The price of stock price involves complex combination of company performance, investor sentiments and economic factors. (Kusuma, Ho, Kao, Ou, & Hua, 2019) have developed a model using ANNs with candlestick technical indicators as input and predicting the future movements of the stock price.

(Pang, Zhou, Wang, Lin, & Chang, 2018) have developed a method using deep long short-term memory neural network (LSTM) and long short-term memory neural network with automatic encoder to the stock market index. The input features are purely based on technical indicators. The accuracy of two models is poor with 57.2% and 56.9%, respectively, for the Shanghai A-shares composite index. This method is not suitable for long term invest decisions as the predictions are only useful for day Traders.

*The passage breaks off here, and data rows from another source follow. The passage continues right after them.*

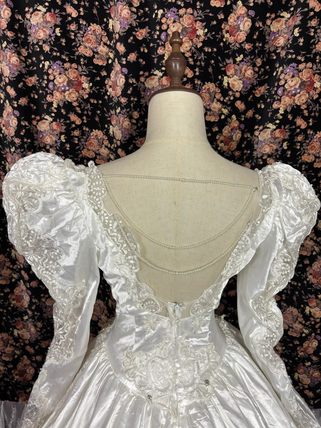 Vintage Leg of Mutton Sleeve V-Neck Pleated Ruffled Satin Floor-Length Wedding Dress P2992
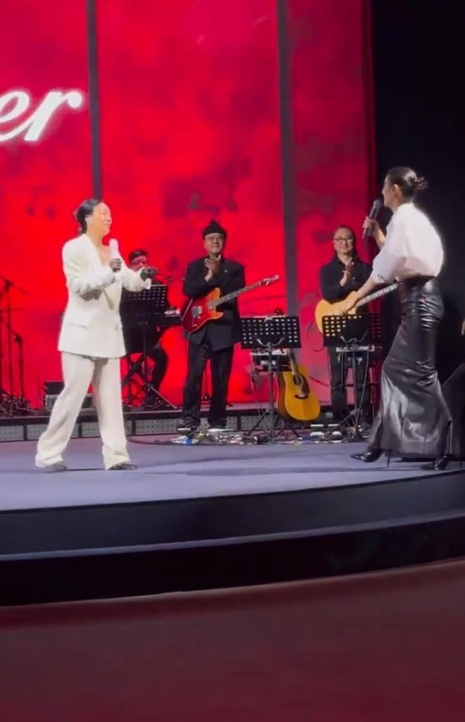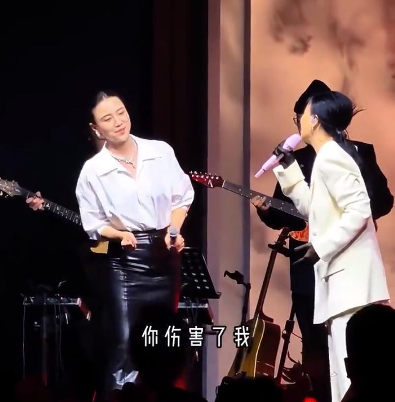 俩人大气不喘地唱完,那英自己先笑场了,这互动把高端晚宴硬生生变成了闺蜜 KTV,气氛好到爆棚。
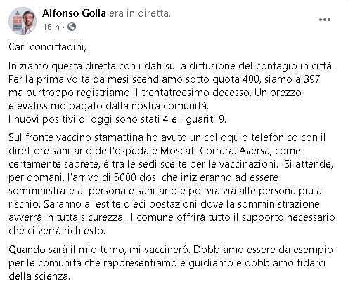 Lo apprendiamo dalla pagina Facebook del Sindaco di Aversa, Alfonso Golia.
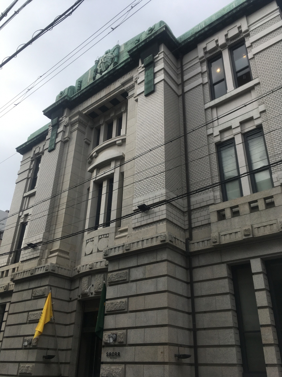 三条通りに残るレトロビルのひとつです。元大手銀行の京都支店ビルとして大正5年に建設されました。1階は煉瓦造り、2、3階は煉瓦木骨造りとなっており外観は幾何学的な装飾が特徴です。現在はファッション関係のお店が入っています。
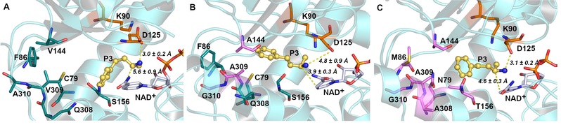 然而这类酶目前仍存在底物谱窄的问题,极大地限制了它们在光学纯手性胺合成中的应用。该课题组通过对酶与底物的构效关系分析,采用计算机辅助的蛋白质工程技术,确定了酶活性口袋中影响酶与大位阻底物结合的关键残基(Val144、Val309和Ala310),通过理性设计将其突变成侧链位阻较小的丙氨酸与甘氨酸,实现了酶底物活性口袋“容积”的拓展,使其对多种大位阻底物表现出“从无到有”的催化活性,极大地拓宽了该酶的催化底物范围。进而,通过筛选更多有益突变位点实现了该酶的进一步“人工进化”,酶活力相较于野生酶提升110倍,并且基于该突变酶实现了大位阻手性药物中间体的制备。此外,基于酶分子动力学模拟,研究者通过结合能、残基相互作用、基团间距离变化等因素分析,对该酶改造过程中的催化活性与稳定性的提升进行了机理阐述,为该类酶的后续改造与应用研究奠定了良好的基础。
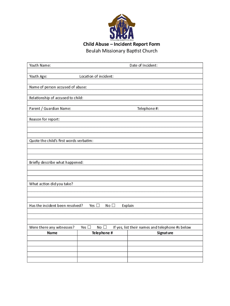 Get the free Child AbuseIncident Report Form Beulah Missionary Bapst ...
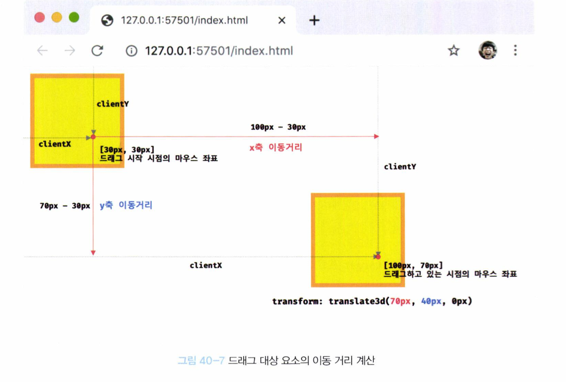 ... // 클릭 이벤트에 의해 생성된 이벤트 객체는 이벤트 핸들러의 첫 번째 인수로 전달된다. function showCoords(e) { $msg.textContent = `clientX: ${e.clientX}, clientY: ${e.clientY}` } document.onclick = showCoords; ...[예제 40-05]
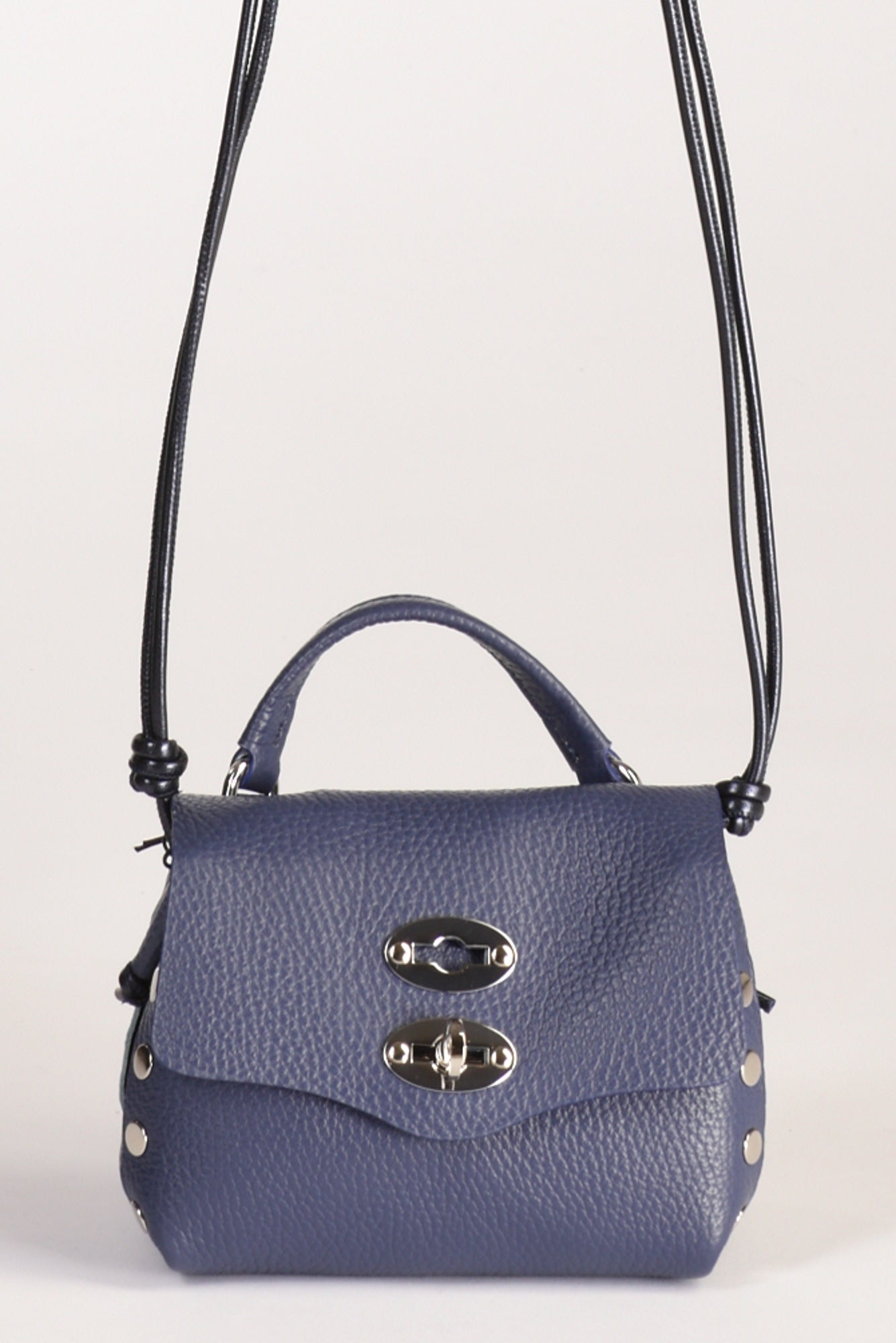 Borsa A Mano Modello Postina, Chiusura A Girello Con Patta Battente, Tracolla Fissa Regolabile, Lavorazione Pelle Martellata, Internamente Presenta Una Tasca Multiuso, Lateralmente Borchie Argentate A Vista, Fondo Senza Piedini,composizione 100 Pelle Bovina, Interno 100 Poliestere, Made In Italy, Misure Cm 16x10x10 Luce Tracolla 43 Cm, Luce Manico 5.

(Di Persio & Honchar, 2016) propose a machine learning approach to predict stock market indices using various ANN techniques such as MLP, CNN, Wavelet NN and other ensemble techniques. The main goal was to predict the stock market index trend based on technical parameters and features the time series analysis and forecasting. The accuracy of the model is quite poor with only around 50% accuracy. Based on the results, it claims that ANNs are most suitable in dealing with financial data. This approach is only suitable for Short term and Day traders.

(Chong, Han, & Park, 2017) propose a Stock Prediction Model based on Deep Neural Networks (DNN) with intraday technical features as input to the model and is focused on forecasting the times series stock price data with the help of Technical indicators. The study employs three data representation methods; principal component analysis, auto encoder, and restricted Boltzmann machine, and construct three-layer deep neural networks (DNN). The main finding of this study is that Artificial Neural Networks (ANN) performs better than the linear regression models.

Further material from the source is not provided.